11. McDonald's uses a computer program called Quintillion that uses
satellite imagery, GPS maps and demographic tables to automatically site new
restaurants. As one observer noted, McDonald's uses the same equipment
developed during the Cold War to spy on their customers.
12. McDonald's jobs have been purposely de-skilled so as to be able to hire
minimum-wage workers on an interchangeable basis. One-third of fast-food
workers speak no English.
13. McDonald's and other chains are aiming for automated equipment that
will require zero training and are nearly there. Nevertheless, they fight hard
to retain hundreds of millions of dollars of government subsidies for
"training" their workers. A worker has only to work for 400 hours for the
chain to receive its $2,400 subsidy. In essence, the American taxpayer
subsidizes low wages, automation and turnover at fast-food chains.

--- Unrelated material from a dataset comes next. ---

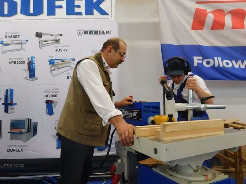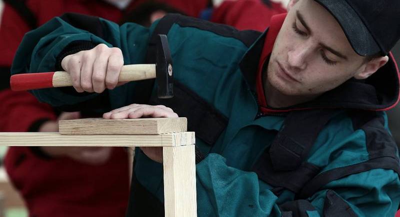 Soutěžící truhlář při práci na svém úkolu

14. Fast-food pays a higher proportion of minimum wage to its workers than
any other industry in America.
15. McDonald's is the largest purchaser of beef in the world.
16. McDonald's buys from five large meatpackers. These companies have
gained a stranglehold over the industry (just as in potatoes) that has driven
down prices. Over the past 20 years, 500,000 cattle ranchers have gone out of
business. Over that time, the rancher's share of every beef dollar has fallen
from 63 cents to 46 cents.
17. To satisfy and take advantage of the worldwide growth of fast-food, the
large chicken and beef packers in the United States are buying out local
companies all around the world. Cargill, IBP and Tyson's control the world
meat industry because of fast-food chains.
18. Chicken McNuggets were also cooked in beef tallow until public outrage
caused McDonald's to stop. Even in vegetable oil, Chicken McNuggets contain
twice the fat per ounce as a hamburger.
19. Every time you eat a hamburger, you are eating anabolic steroids,
antibiotics and fecal matter. You can read it again. And it will still be true.
20. Feedlot cattle are also given shredded packaging, cardboard boxes,
cement and sawdust to put on weight.
21. In 1991, only four states had obesity rates of 15 percent or higher.
Today, 37 states do. Fifty million Americans are obese or super obese. Obesity
is second only to smoking as a cause of mortality in America today.
22. The annual health costs to America stemming from obesity are $240
billion. The costs are exactly double fast-food chain revenues.
23. Between 1984 and 1993, the number of fast-food restaurants doubled in
Great Britain. Obesity doubled there over the same period.
24. The EU found that 95 percent of the ads there encouraged kids to eat
foods high in sugar, salt and fat. The company running the most ads aimed at
children was McDonald's.
Source: Eric Schlosser's "Fast Food Nation," (Houghton Mifflin, 2001). The
book is extensively footnoted with citations for the above.
Paul Hawken is the author of "The Ecology of Commerce and Natural Capitalism." He is the founder of the Sausalito-based Natural Capital Institute and is on the advisory board of Food First/Institute for Food and Development Policy in Oakland.